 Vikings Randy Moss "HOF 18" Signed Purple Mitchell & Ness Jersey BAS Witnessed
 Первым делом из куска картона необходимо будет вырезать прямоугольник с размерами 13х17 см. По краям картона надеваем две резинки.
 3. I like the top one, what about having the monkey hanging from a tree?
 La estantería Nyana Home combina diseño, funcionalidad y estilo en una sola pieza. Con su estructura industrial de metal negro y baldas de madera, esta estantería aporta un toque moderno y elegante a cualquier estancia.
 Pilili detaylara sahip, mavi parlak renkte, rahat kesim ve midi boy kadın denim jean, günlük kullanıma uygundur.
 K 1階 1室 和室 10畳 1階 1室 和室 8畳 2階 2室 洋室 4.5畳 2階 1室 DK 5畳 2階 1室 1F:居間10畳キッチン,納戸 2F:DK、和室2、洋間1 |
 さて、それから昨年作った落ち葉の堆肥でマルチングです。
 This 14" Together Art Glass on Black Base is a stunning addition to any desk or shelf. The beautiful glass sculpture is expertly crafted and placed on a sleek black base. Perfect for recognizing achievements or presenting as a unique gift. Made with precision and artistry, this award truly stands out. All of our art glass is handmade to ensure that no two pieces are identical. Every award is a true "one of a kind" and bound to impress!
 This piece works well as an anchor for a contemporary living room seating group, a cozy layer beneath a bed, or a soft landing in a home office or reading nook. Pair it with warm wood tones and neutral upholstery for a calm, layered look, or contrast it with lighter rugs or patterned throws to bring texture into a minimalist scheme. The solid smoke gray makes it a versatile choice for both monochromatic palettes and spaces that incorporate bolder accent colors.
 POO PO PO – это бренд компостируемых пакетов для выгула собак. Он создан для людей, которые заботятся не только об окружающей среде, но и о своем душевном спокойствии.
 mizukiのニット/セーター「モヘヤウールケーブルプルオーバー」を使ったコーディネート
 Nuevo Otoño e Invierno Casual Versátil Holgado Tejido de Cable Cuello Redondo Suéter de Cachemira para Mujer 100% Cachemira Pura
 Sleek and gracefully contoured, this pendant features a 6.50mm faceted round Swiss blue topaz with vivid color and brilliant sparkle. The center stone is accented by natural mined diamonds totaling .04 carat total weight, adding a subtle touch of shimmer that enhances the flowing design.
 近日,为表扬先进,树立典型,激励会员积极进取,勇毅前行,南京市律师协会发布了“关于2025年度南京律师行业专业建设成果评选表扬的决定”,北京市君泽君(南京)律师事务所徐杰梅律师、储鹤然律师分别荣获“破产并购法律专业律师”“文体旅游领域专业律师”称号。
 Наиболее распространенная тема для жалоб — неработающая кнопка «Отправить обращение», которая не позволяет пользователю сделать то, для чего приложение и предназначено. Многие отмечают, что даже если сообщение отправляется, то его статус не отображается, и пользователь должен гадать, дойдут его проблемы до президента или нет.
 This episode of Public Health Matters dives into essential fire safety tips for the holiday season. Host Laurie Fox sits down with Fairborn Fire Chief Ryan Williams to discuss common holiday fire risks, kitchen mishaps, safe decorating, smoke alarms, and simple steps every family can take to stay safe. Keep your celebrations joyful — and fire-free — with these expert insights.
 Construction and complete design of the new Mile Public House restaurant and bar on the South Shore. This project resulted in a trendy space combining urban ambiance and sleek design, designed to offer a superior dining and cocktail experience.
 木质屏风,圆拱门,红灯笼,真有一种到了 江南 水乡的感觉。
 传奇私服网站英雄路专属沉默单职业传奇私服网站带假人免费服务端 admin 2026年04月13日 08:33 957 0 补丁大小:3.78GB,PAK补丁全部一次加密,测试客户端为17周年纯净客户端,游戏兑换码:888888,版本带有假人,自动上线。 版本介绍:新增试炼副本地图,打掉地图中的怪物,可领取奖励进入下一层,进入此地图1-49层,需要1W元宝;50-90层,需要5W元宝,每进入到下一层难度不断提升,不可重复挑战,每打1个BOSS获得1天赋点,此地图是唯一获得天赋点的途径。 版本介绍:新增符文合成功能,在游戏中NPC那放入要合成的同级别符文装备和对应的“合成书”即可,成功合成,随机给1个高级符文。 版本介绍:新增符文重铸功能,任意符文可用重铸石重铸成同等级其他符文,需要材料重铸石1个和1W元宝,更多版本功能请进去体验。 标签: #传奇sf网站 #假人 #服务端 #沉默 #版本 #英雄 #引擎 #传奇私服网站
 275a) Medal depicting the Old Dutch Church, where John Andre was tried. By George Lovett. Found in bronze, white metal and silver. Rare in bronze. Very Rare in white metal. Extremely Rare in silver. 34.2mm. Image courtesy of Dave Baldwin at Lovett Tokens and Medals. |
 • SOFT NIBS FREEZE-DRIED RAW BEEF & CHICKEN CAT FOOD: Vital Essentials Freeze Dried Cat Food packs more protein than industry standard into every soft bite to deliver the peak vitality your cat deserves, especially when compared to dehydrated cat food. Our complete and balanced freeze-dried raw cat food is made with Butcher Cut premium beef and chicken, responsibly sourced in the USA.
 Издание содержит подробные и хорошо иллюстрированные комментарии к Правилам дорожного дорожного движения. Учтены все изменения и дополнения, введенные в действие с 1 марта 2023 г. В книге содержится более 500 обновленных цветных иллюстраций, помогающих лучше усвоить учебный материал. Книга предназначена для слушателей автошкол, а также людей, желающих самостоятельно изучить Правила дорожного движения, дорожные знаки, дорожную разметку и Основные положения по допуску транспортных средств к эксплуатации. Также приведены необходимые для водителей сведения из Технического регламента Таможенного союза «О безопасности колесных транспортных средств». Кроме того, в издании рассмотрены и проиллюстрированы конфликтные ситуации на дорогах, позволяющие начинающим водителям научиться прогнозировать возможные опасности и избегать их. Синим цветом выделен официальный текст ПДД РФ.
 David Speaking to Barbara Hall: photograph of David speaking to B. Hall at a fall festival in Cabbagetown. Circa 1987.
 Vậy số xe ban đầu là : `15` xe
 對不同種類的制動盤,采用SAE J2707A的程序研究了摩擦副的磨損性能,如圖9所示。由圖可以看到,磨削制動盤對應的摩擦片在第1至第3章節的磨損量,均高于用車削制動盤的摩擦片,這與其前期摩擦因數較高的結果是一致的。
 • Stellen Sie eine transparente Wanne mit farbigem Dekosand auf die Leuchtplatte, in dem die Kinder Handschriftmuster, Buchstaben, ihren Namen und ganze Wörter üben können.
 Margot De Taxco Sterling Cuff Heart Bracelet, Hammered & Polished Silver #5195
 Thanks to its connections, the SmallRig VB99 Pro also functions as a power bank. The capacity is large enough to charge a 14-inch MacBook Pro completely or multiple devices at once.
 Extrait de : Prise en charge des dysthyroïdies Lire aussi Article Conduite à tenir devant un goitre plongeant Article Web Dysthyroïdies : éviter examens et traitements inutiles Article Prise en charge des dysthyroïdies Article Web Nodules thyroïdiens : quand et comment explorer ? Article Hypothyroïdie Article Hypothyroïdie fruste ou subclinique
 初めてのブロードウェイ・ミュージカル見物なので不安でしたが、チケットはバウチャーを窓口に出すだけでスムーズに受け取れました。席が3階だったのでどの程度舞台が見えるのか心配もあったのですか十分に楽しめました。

# # # #

* _Task_: From the records above, reproduce exactly the lines from the one with "POO PO PO –" to the one with "近日,为表扬先进,树立典型,激励会员积极", both included, and no others.

* _Written answer_:
 POO PO PO – это бренд компостируемых пакетов для выгула собак. Он создан для людей, которые заботятся не только об окружающей среде, но и о своем душевном спокойствии.
 mizukiのニット/セーター「モヘヤウールケーブルプルオーバー」を使ったコーディネート
 Nuevo Otoño e Invierno Casual Versátil Holgado Tejido de Cable Cuello Redondo Suéter de Cachemira para Mujer 100% Cachemira Pura
 Sleek and gracefully contoured, this pendant features a 6.50mm faceted round Swiss blue topaz with vivid color and brilliant sparkle. The center stone is accented by natural mined diamonds totaling .04 carat total weight, adding a subtle touch of shimmer that enhances the flowing design.
 近日,为表扬先进,树立典型,激励会员积极进取,勇毅前行,南京市律师协会发布了“关于2025年度南京律师行业专业建设成果评选表扬的决定”,北京市君泽君(南京)律师事务所徐杰梅律师、储鹤然律师分别荣获“破产并购法律专业律师”“文体旅游领域专业律师”称号。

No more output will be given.